Physical characteristics
- • location: Orange County, California
- • coordinates: 33°56′49″N 117°57′31″W﻿ / ﻿33.94694°N 117.95861°W
- • elevation: 2,300 ft (700 m)
- Mouth: San Gabriel River
- • coordinates: 33°47′41″N 118°05′24″W﻿ / ﻿33.79472°N 118.09000°W
- • elevation: 0 ft (0 m)
- Length: 13.7 mi (22.0 km)
- Basin size: 41.3 mi^{2} (107 km^{2})
- • location: Los Alamitos
- • average: 43.5 cu ft/s (1.23 m^{3}/s)
- • minimum: 24 cu ft/s (0.68 m^{3}/s)
- • maximum: 14,300 cu ft/s (400 m^{3}/s)

Basin features
- • left: Brea Creek, Fullerton Creek, Carbon Creek
- • right: La Canada Verde Creek

= Coyote Creek (San Gabriel River tributary) =

Tributary of the San Gabriel River in California

Coyote Creek is a principal tributary of the San Gabriel River in northwest Orange County and southeast Los Angeles County, California.

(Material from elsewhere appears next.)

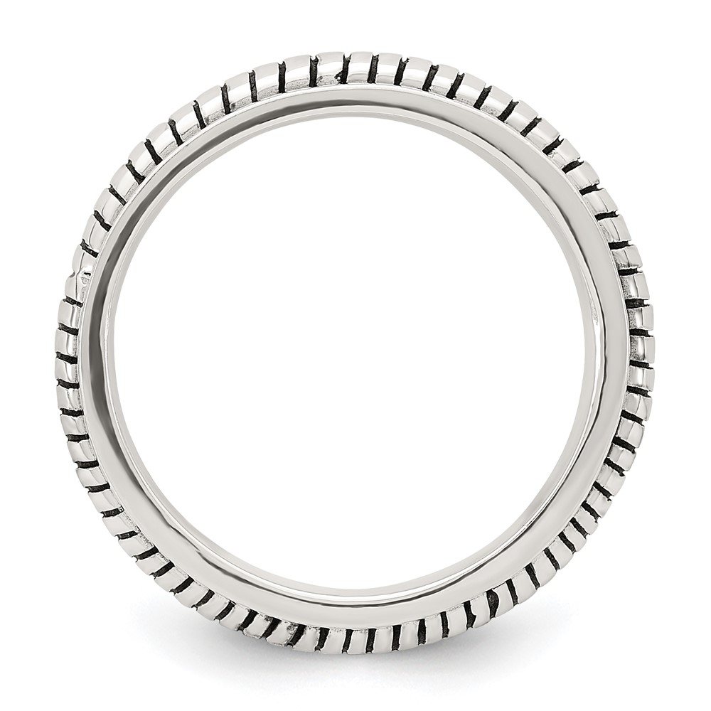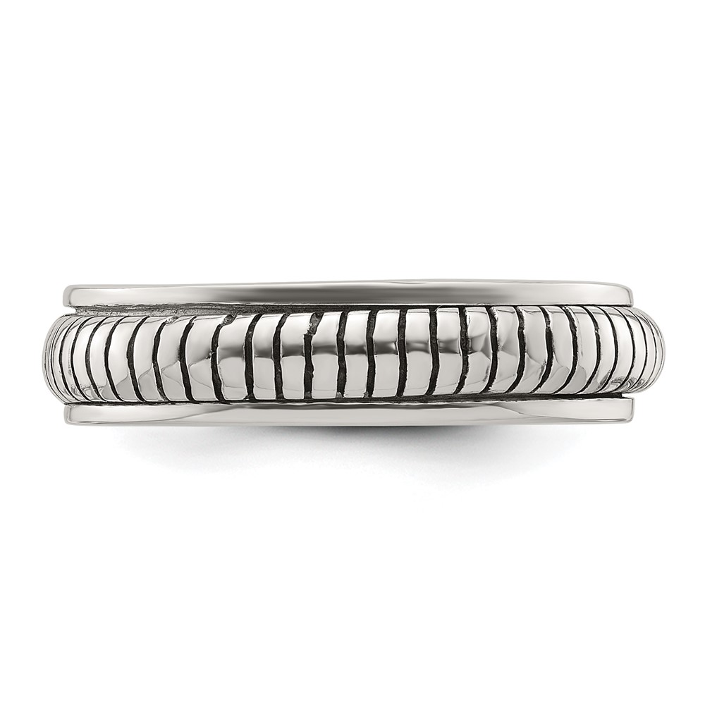 Sterling Silver Polished Oxidized Half Round Patterned Men's Ring

It drains a land area of roughly 41.3 mi2 covering nine major cities, including Brea, Buena Park, Cerritos, Fullerton, Hawaiian Gardens, La Habra, Lakewood, La Palma, and Long Beach.

Some major tributaries of the creek in the highly urbanized watershed include Brea Creek, Fullerton Creek, and Carbon Creek. The mostly-flat creek basin is separated by a series of low mountains, and is bounded by several small mountain ranges, including the Chino Hills, Puente Hills, and West Coyote Hills.

==Course==
Coyote Creek is roughly 13.7 mi long and flows generally southwest, while its North Fork, shown on federal maps as La Canada Verde Creek, measures 9.1 mi. The longest single tributary is Carbon Creek, which flows 13.6 mi, followed closely by Fullerton Creek, which measures 13.0 mi. Two major flood control reservoirs, Brea Reservoir and Fullerton Reservoir, are located in the watershed and feed into Brea Creek and Fullerton Creek, respectively. Brea Creek and Tonner Canyon form the uppermost reaches of the watershed. Coyote Creek joins the San Gabriel River very near its mouth in Long Beach.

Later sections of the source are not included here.